For years, Costco Wholesale (NASDAQ:COST) has given investors solid sales growth and consistent profitability. Yet even though the big-box warehouse retailer still has a loyal customer base and dominates its segment of the retail industry, Costco has still struggled to keep its growth rate up in recent quarters. Coming into its fiscal second-quarter financial report on Wednesday night, Costco investors wanted to see at least modest gains in the company's top and bottom lines. Instead, Costco saw a surprise drop in adjusted earnings per share and continued to watch its comparable-store sales slow. Let's look more closely at the latest from Costco Wholesale and what it means for the company going forward.
Costco misses again
Costco's fiscal Q2 report marked the second straight quarter in which the retailer failed to meet investors' expectations. Total revenue rose 2.6% to $28.17 billion, falling about a percentage point short of the growth rate that most of those following the stock were expecting. But net income dropped an even steeper 9% to $546 million, and even after taking some extraordinary items into account, adjusted earnings of $1.24 per share were down from year-ago levels and fell short of the $1.28 per-share consensus forecast among investors.
Looking more closely at the numbers, Costco once again saw some deterioration in its comparable-store sales. Unadjusted numbers actually looked better than they did last quarter, with a 3% gain in the U.S. offsetting weakness in Canada and other international locations and helping Costco achieve a 1% overall rise in comps. However, the impact of gasoline price deflation on Costco's domestic results was much smaller this quarter, cutting the growth by only a single percentage point. The strong dollar's impact was much larger, resulting in a 9- to 17-percentage-point swing in comps for Costco's international divisions. Overall, though, total-company adjusted comps declined another percentage point from the previous quarter to 5%.

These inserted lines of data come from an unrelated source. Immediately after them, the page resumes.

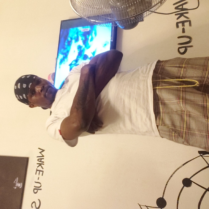 This image depicts an indoor scene in Okpanam, Nigeria. An adult male stands centrally, facing the viewer with his arms crossed over his chest. He wears a black bandana with white markings, a white short-sleeved t-shirt, and beige plaid shorts with a yellow drawstring. Tattoos are present on both forearms. The white wall behind him features black text, including "WAKE-UP" rendered backward on the left and partially on the lower right, and a graphic resembling musical notes on the lower left. A dark-framed art piece depicting a white silhouette is mounted on the upper left wall. A flat-screen television is mounted on the wall to the subject's right, displaying a bright blue and white abstract image. A metallic electric fan is partially visible on the far right, near the television.
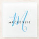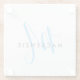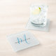 Elegant Modern White Sky Blue Script Monogram Glass Coaster
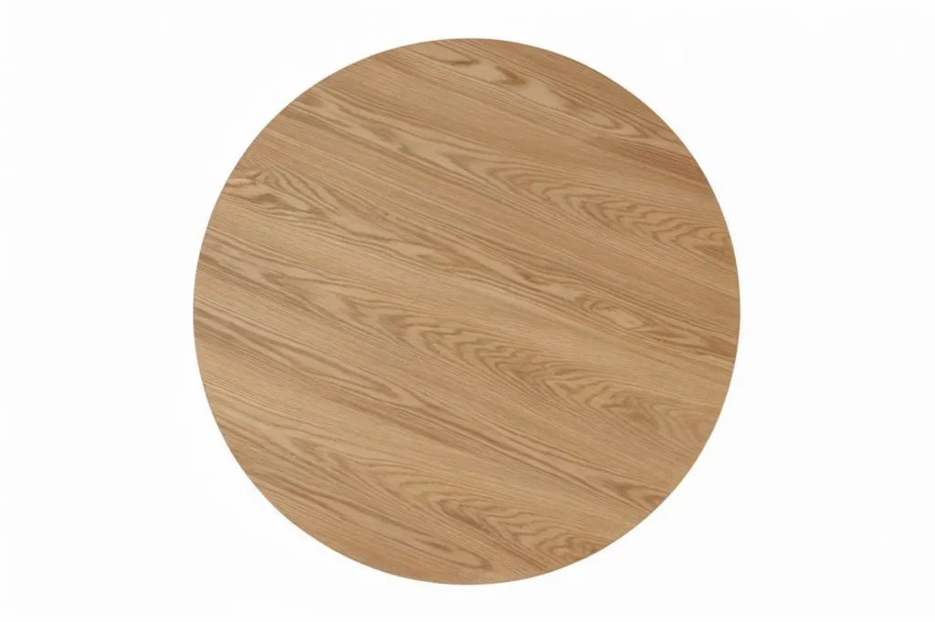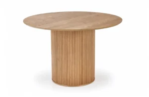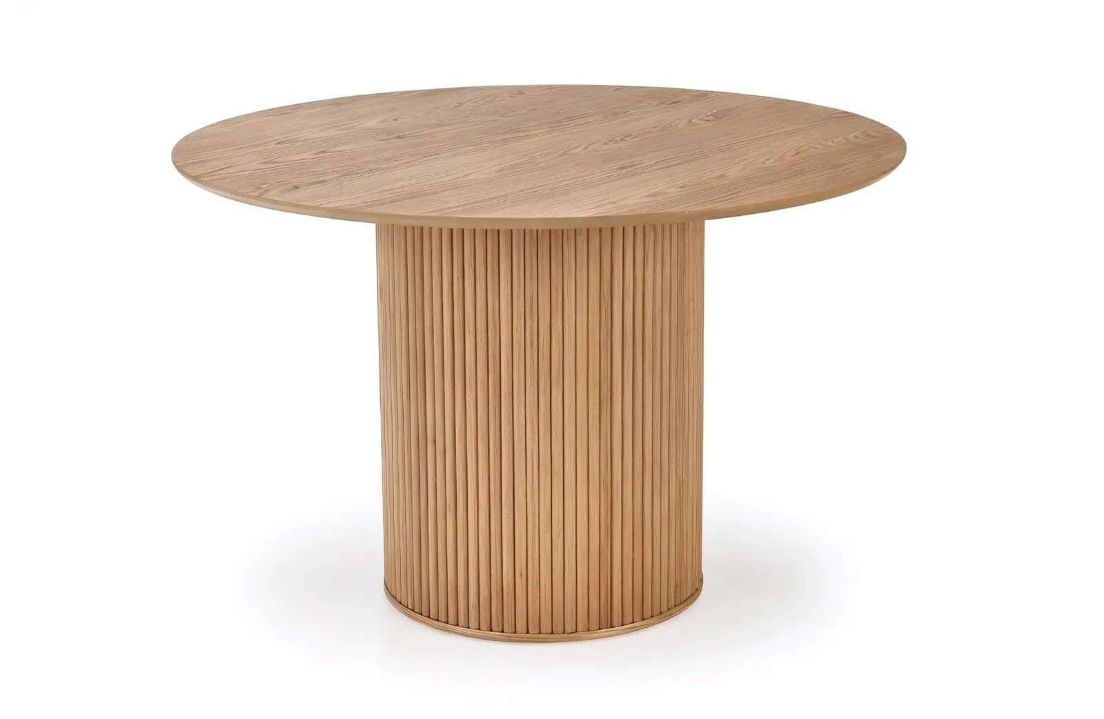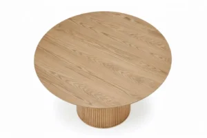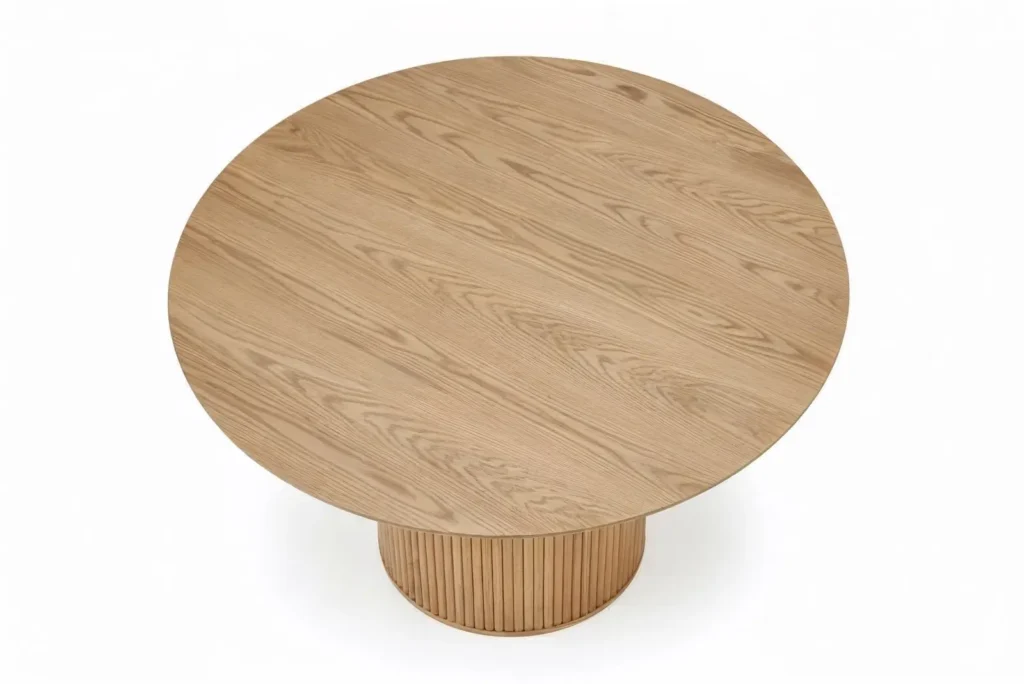De Propieres Ronde Eettafel combineert een slank houtkleurig blad met een geprofileerde kolomvoet van hout. De verticale latstructuur oogt rustig en luxe, terwijl het ronde blad de ruimte open houdt.
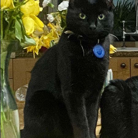Small white are on chest visible mainly when close, Black cat but also has odd white hair throughout coat. Small for a male cat. Very timid will only get close when trusts someone.
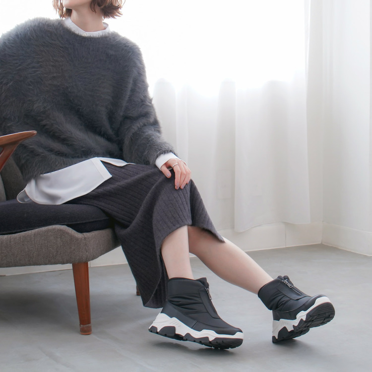 戶外運動風冬季靴子,鞋底為運動鞋底,拉鏈設計穿脫好方便。

Costco managed to improve in some areas of past concern, but others remained troublesome. Membership fee revenue climbed 3.6% to $603 million, accelerating at about double the growth rate that it posted last quarter. Yet a big 6% jump in overhead expenses sent operating income down year-over-year, and the pace of increases in Costco's merchandise costs wasn't slow enough to offset higher overhead.
What's ahead for Costco?
Another aspect of Costco's growth slowdown showed in its store counts. The warehouse retailer had 698 stores at the end of the quarter, which was up by just a single location in the U.S. over the past three months. That's consistent with the expansion plans Costco revealed last quarter, and the winter months tend to be a slow season for store openings throughout the industry.
Yet the bigger issue is whether Costco's struggles reflect weakness among more affluent U.S. consumers. Luxury retailers that cater to the wealthy have reported tough times, especially for those companies that focus on areas of the country that have gotten hit hard by the downturn in the energy industry. Costco's membership model encourages wealthier patrons, and although not all of its goods are luxury items, some of its higher-margin items cater to those with sizable disposable incomes. If those shoppers have less to spend, then it could show up in Costco's overall numbers.
Traders won't be happy with Costco's results, and even long-term investors might worry about the slow but steady deterioration in the big-box retailer's results lately. Nevertheless, Costco still holds a strong position in its retail niche, and continuing to use its inherent competitive advantages to build up its business will make sense even if Costco suffers setbacks from time to time.